# [Given records]
▼▼▼

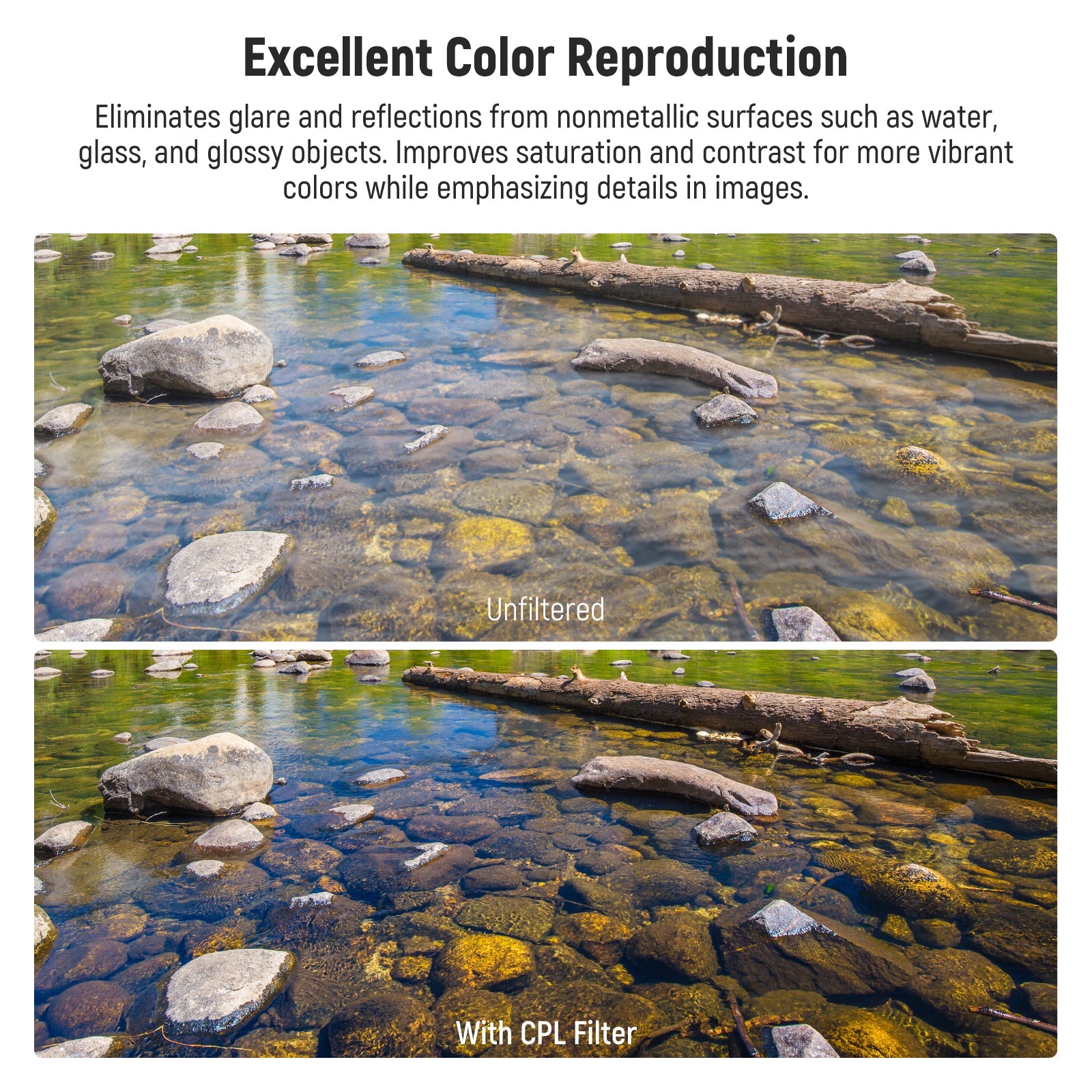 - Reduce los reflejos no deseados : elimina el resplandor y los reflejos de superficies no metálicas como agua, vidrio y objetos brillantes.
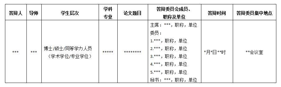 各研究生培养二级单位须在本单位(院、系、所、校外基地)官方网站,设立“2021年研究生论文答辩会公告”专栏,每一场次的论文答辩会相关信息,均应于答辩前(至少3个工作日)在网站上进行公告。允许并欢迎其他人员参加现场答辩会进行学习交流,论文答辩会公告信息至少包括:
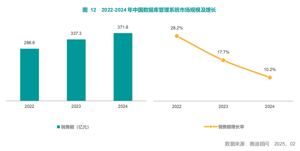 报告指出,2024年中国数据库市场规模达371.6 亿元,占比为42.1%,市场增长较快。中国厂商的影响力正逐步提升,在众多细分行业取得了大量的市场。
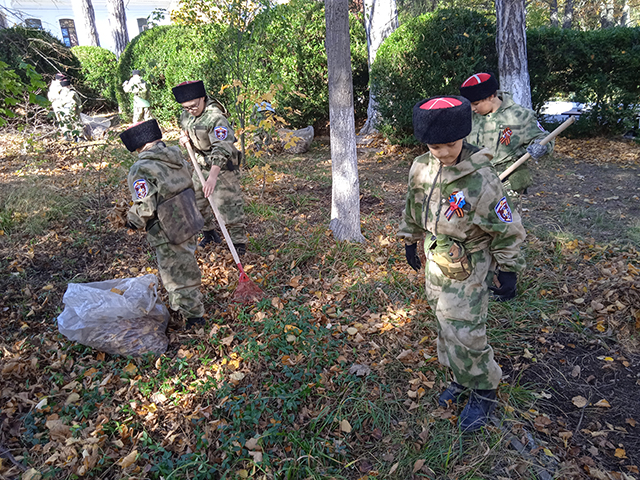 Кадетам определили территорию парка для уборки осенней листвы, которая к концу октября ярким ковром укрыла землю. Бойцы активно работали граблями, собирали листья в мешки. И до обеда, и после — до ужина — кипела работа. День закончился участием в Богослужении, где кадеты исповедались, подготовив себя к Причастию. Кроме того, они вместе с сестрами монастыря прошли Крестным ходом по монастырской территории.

▲▲▲
▼▼▼

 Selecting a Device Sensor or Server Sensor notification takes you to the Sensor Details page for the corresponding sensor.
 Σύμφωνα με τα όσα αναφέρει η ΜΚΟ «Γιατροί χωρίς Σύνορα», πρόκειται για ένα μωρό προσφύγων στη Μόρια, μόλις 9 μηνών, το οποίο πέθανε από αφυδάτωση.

▲▲▲
▼▼▼

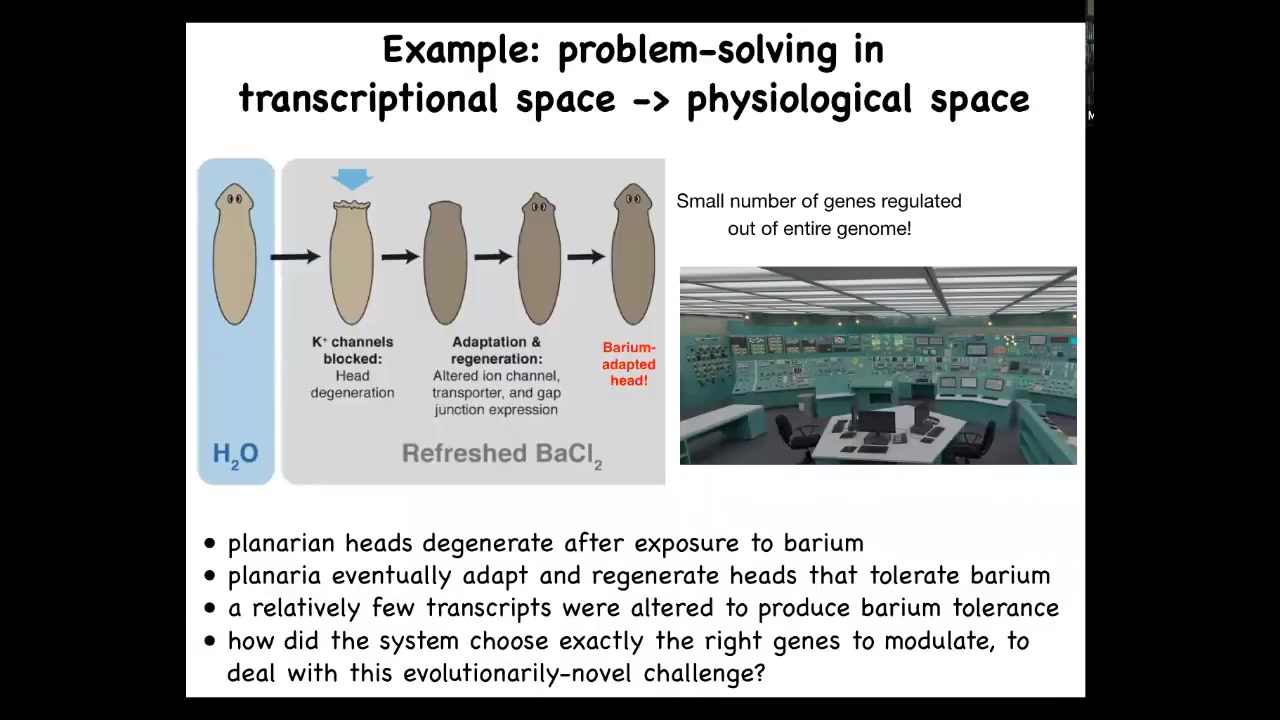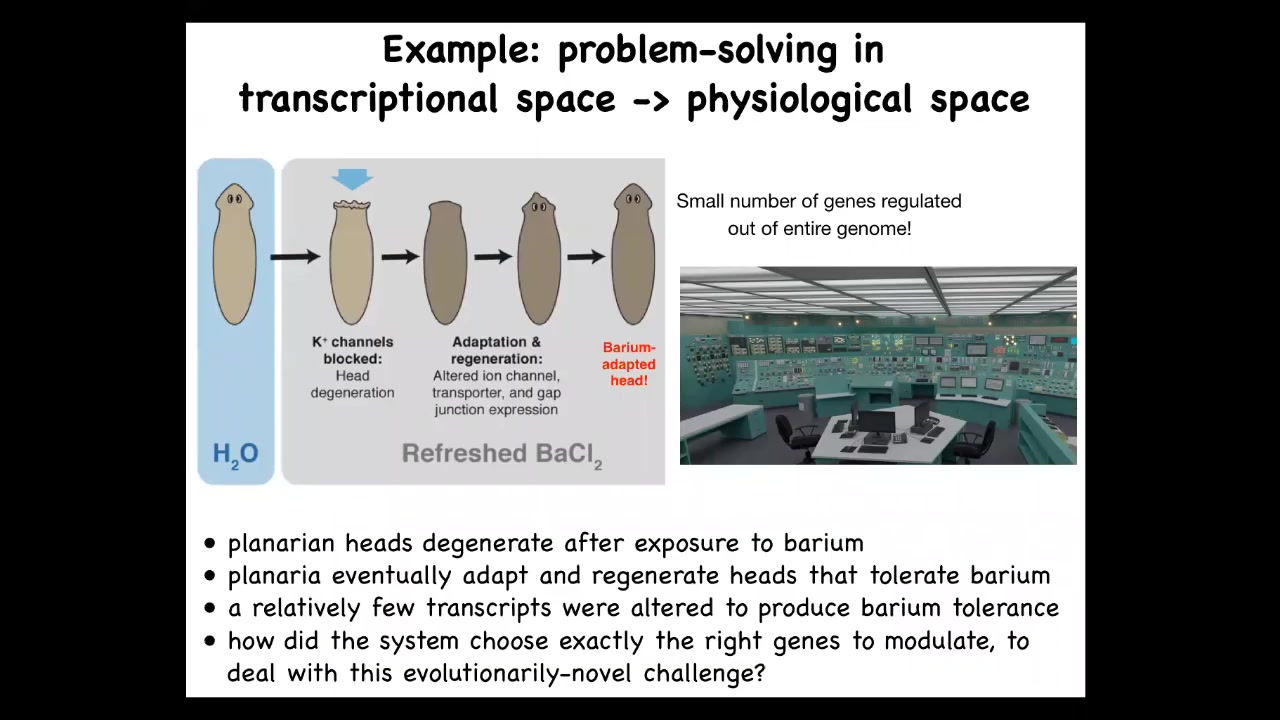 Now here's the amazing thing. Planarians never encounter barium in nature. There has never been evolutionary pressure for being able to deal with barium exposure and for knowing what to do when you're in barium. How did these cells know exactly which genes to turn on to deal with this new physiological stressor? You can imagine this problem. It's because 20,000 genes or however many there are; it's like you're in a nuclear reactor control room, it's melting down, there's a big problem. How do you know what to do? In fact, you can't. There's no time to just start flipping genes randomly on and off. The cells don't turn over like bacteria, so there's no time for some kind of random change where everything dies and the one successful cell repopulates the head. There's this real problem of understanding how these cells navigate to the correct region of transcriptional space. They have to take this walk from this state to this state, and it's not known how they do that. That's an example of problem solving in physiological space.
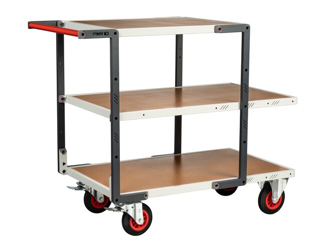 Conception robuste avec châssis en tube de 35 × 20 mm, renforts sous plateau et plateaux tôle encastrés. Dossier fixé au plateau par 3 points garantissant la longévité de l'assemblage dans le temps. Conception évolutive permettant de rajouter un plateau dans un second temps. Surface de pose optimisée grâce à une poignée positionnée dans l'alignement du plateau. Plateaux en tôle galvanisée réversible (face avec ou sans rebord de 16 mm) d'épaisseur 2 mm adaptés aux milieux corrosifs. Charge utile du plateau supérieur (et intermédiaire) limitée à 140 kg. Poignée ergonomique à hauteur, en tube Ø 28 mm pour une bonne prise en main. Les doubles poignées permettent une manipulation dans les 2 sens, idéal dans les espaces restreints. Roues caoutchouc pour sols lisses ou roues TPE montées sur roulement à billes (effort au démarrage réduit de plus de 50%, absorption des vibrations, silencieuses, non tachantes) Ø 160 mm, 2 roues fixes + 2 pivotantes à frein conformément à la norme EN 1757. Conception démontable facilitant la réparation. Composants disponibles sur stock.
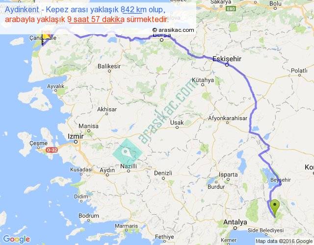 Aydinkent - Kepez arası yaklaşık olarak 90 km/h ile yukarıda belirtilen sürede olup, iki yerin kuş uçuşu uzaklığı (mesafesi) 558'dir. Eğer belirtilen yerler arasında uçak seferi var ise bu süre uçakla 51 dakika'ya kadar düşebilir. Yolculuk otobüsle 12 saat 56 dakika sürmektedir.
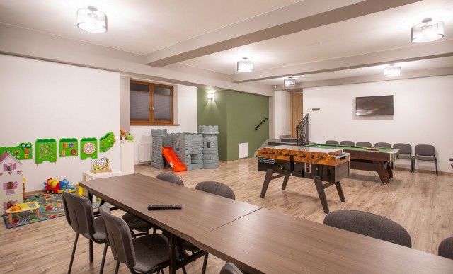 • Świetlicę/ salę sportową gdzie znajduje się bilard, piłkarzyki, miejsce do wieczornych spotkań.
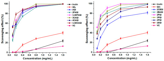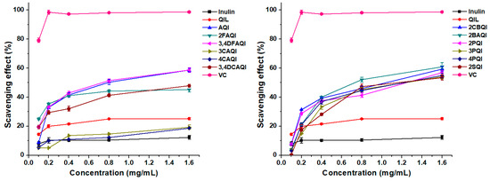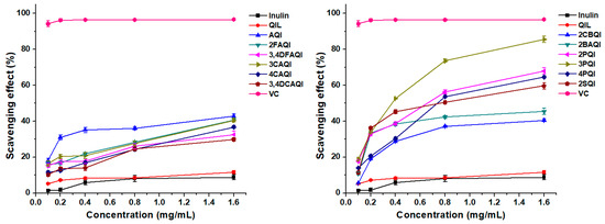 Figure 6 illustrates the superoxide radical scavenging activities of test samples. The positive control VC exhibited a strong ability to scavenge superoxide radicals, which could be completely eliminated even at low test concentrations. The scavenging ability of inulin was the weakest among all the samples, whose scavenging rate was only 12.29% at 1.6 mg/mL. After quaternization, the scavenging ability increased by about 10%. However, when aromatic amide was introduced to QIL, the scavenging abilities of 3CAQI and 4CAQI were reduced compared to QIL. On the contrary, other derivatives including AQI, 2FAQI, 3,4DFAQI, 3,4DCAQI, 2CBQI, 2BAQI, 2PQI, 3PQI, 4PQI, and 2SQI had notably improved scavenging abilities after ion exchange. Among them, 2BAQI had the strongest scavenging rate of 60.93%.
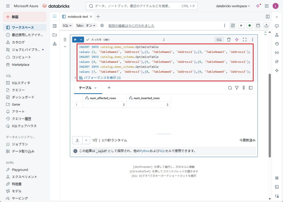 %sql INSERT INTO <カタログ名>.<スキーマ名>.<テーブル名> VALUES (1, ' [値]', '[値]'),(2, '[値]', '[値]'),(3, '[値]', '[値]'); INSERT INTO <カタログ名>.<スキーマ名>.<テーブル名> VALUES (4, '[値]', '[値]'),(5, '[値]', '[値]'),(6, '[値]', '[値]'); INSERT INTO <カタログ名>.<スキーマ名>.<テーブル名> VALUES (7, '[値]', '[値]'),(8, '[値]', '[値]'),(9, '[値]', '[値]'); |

▲▲▲

Taking the material above, give again exactly the lines from the one holding "- Reduce los" through the one holding "报告指出,2024年中国数据", with both ends and without pictures.

 - Reduce los reflejos no deseados : elimina el resplandor y los reflejos de superficies no metálicas como agua, vidrio y objetos brillantes.
 各研究生培养二级单位须在本单位(院、系、所、校外基地)官方网站,设立“2021年研究生论文答辩会公告”专栏,每一场次的论文答辩会相关信息,均应于答辩前(至少3个工作日)在网站上进行公告。允许并欢迎其他人员参加现场答辩会进行学习交流,论文答辩会公告信息至少包括:
 报告指出,2024年中国数据库市场规模达371.6 亿元,占比为42.1%,市场增长较快。中国厂商的影响力正逐步提升,在众多细分行业取得了大量的市场。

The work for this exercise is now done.